--- Exercise ---
At the line containing "Digital Sheet Music", begin an exact copy of the lines below and continue through the final one, with no pictures.

--- Data section ---
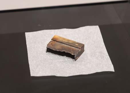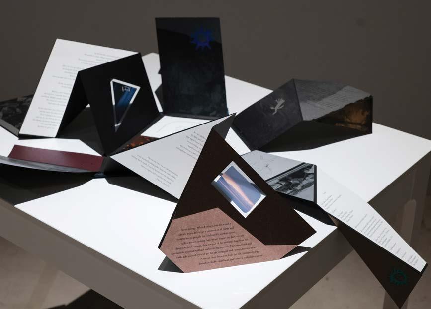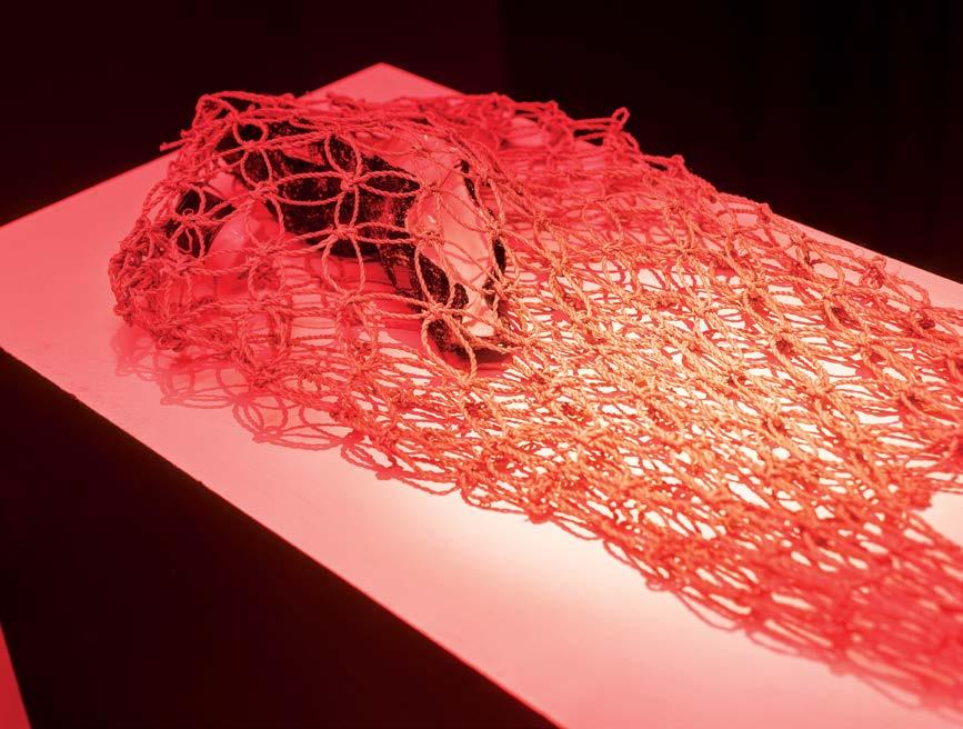 installed speakers in the corners and fitted it with red lights that projected on four pedestals placed in the centre of the room. Each pedestal had a sensor that activated a voice recording from one of the speakers if the art object on the pedestal was moved. However, the artist only installed three things on the pedestals, leaving one empty. Unless someone covered the sensor on the empty pedestal, a voice automatically played in the space all the time. The artist wanted visitors to think they could, in this safe-fromany-watching-eyes room, use their intuition and not assume the laws of museums of not touching the objects when navigating the work. As visitors lifted, moved, looked into or even “looted”/carried home part of the work, the absence would trigger an audio recording. It was a partial account of the journey of the work’s elements and how they were brought together. The objects were surreal conglomerations of basic and everyday things, tied with ropes or collaged with materials that held them together—a piece of shell, plastic, a bag and several used contact lenses. Ho told me she had kept all these lenses, not knowing what she would do with them until she started making these objects, or vessels, together with the network of movers or carriers or cachers that she activated across Hong Kong, Singapore, Shenzhen, Cabanatuan City, Nijmegen and Dallas. Ho’s collaborators cached the collaged vessels at specific locations in these places for others to discover and carry forward. The vessels further served as keys that enabled access to a repository of documents and correspondence that Ho has named The Last Emporium. Each vessel contained a letter, instructions and key pass, which allowed entry into The Last Emporium website to log the continuing journey of the vessel.
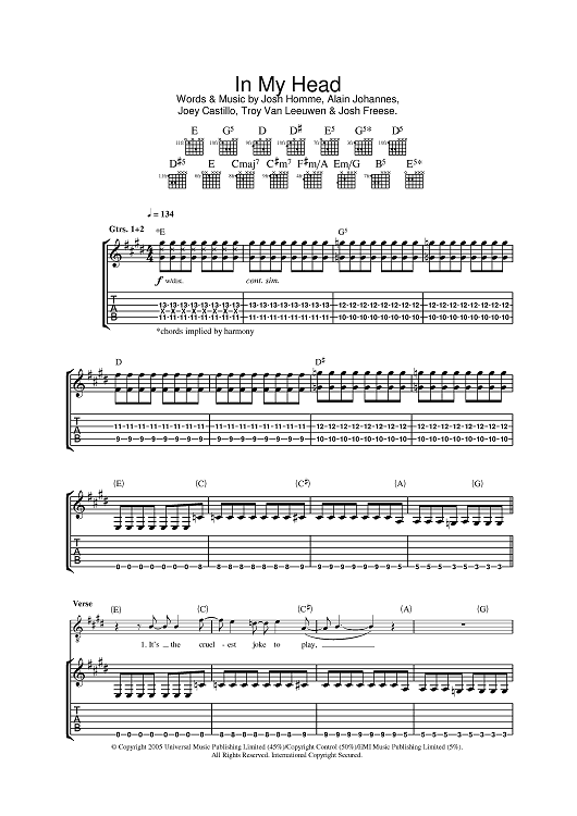 Digital Sheet Music for In My Head by Joey Castillo, Josh Freese, Josh Homme, Alain Johannes, Queens of the Stone Age, Troy Van Leeuwen scored for Guitar Tab; id:385432
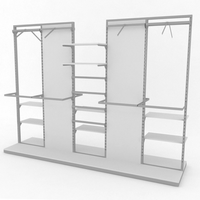 Αυτοστήρικτη μονάδα για το κέντρο του καταστήματος με πολύ μεγάλη χωρητικότητα προϊόντων και δυνατότητες προβολής σε μπάρες κρέμασης και ράφια.
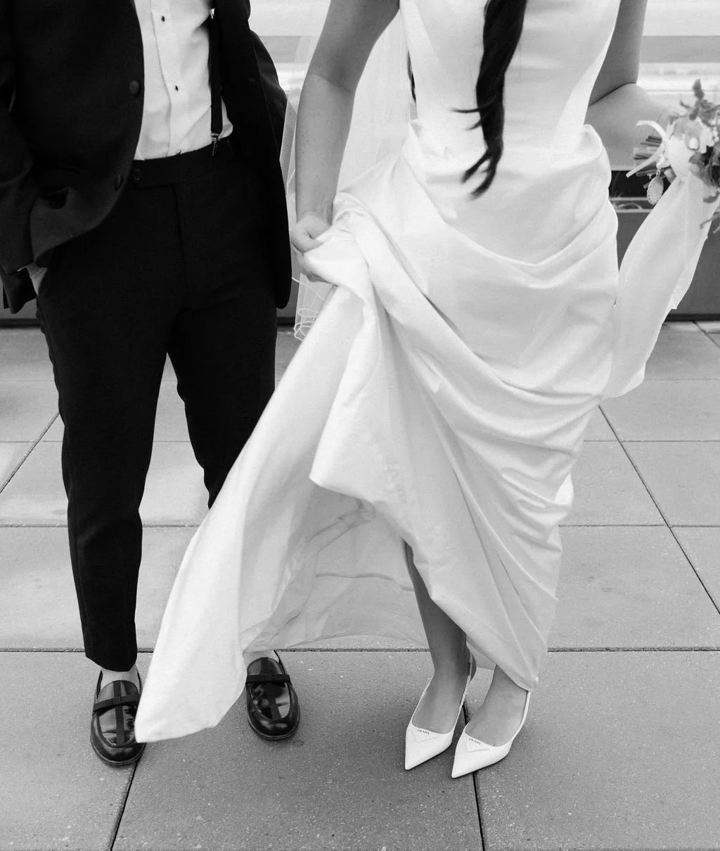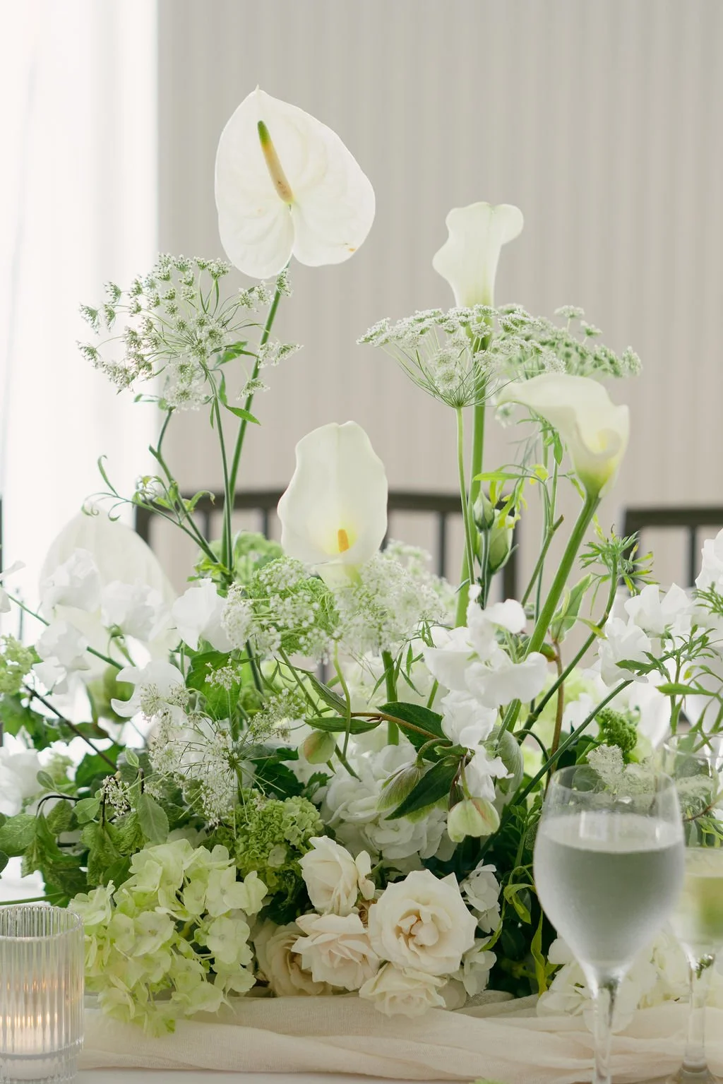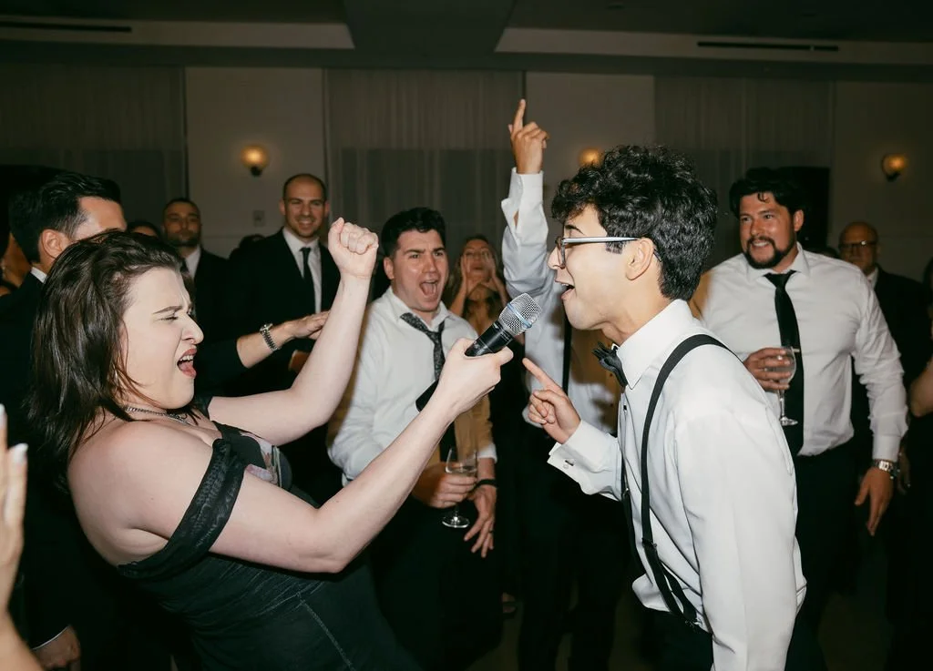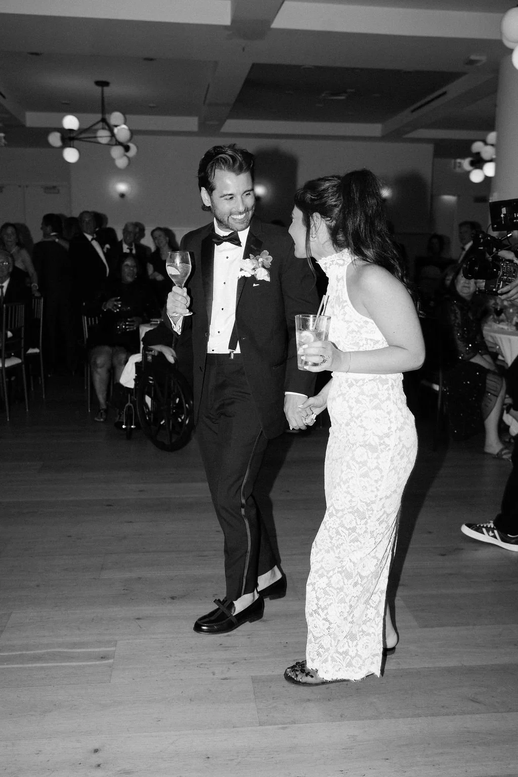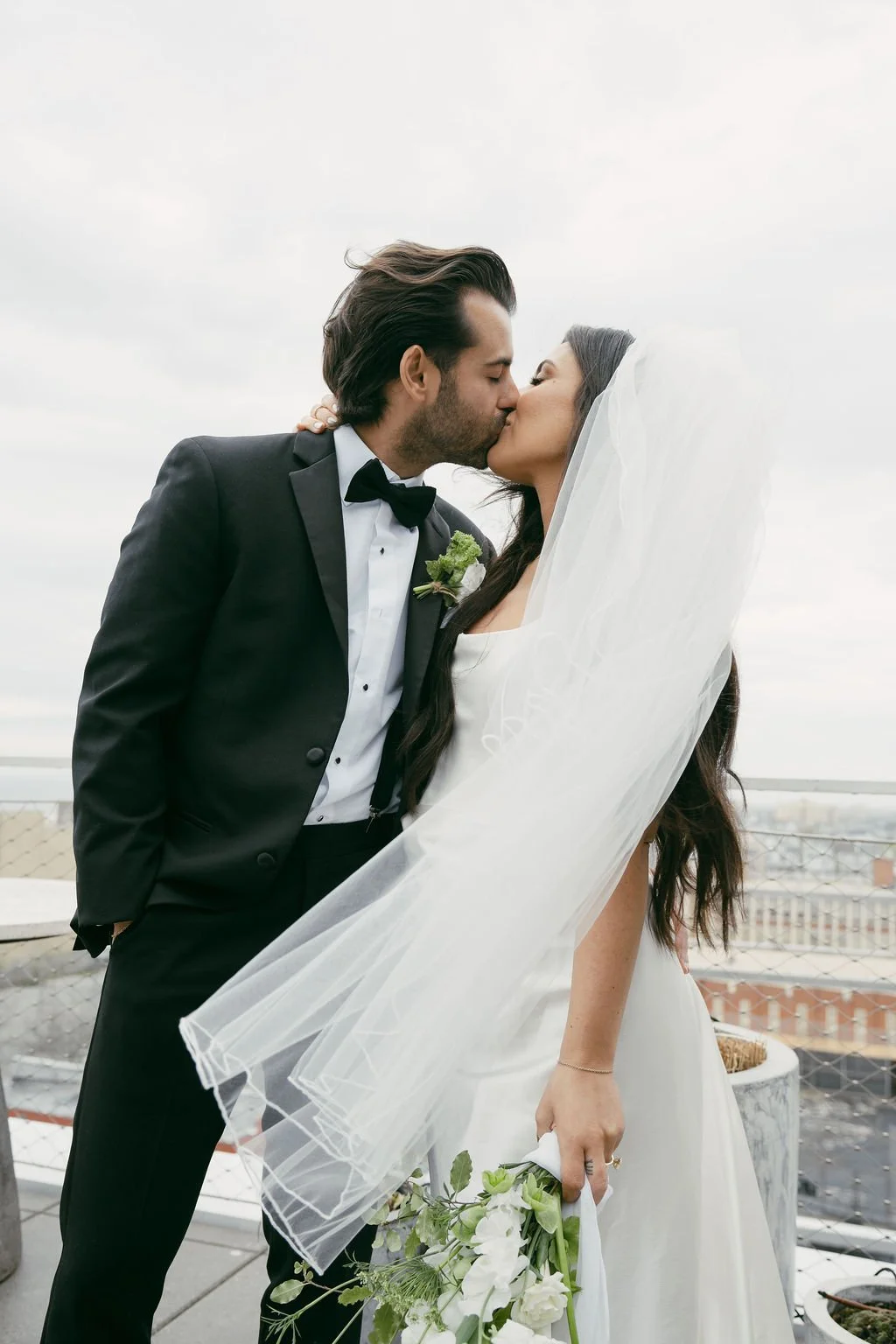 The couple’s wedding day was a study in modern elegance, with a neutral palette of black, white, and lush greenery creating a timeless backdrop. Tables were accented with fresh fruit elements, adding subtle pops of color and texture throughout the space. The day included stunning bridal portraits that captured the couple’s effortless style, and a surprise visit from their beloved puppy added a playful, personal touch. Minimalist design, thoughtful details, and heartfelt moments combined for a celebration that felt both chic and intimately joyful.

--- Your solution ---
 Digital Sheet Music for In My Head by Joey Castillo, Josh Freese, Josh Homme, Alain Johannes, Queens of the Stone Age, Troy Van Leeuwen scored for Guitar Tab; id:385432
 Αυτοστήρικτη μονάδα για το κέντρο του καταστήματος με πολύ μεγάλη χωρητικότητα προϊόντων και δυνατότητες προβολής σε μπάρες κρέμασης και ράφια.
 The couple’s wedding day was a study in modern elegance, with a neutral palette of black, white, and lush greenery creating a timeless backdrop. Tables were accented with fresh fruit elements, adding subtle pops of color and texture throughout the space. The day included stunning bridal portraits that captured the couple’s effortless style, and a surprise visit from their beloved puppy added a playful, personal touch. Minimalist design, thoughtful details, and heartfelt moments combined for a celebration that felt both chic and intimately joyful.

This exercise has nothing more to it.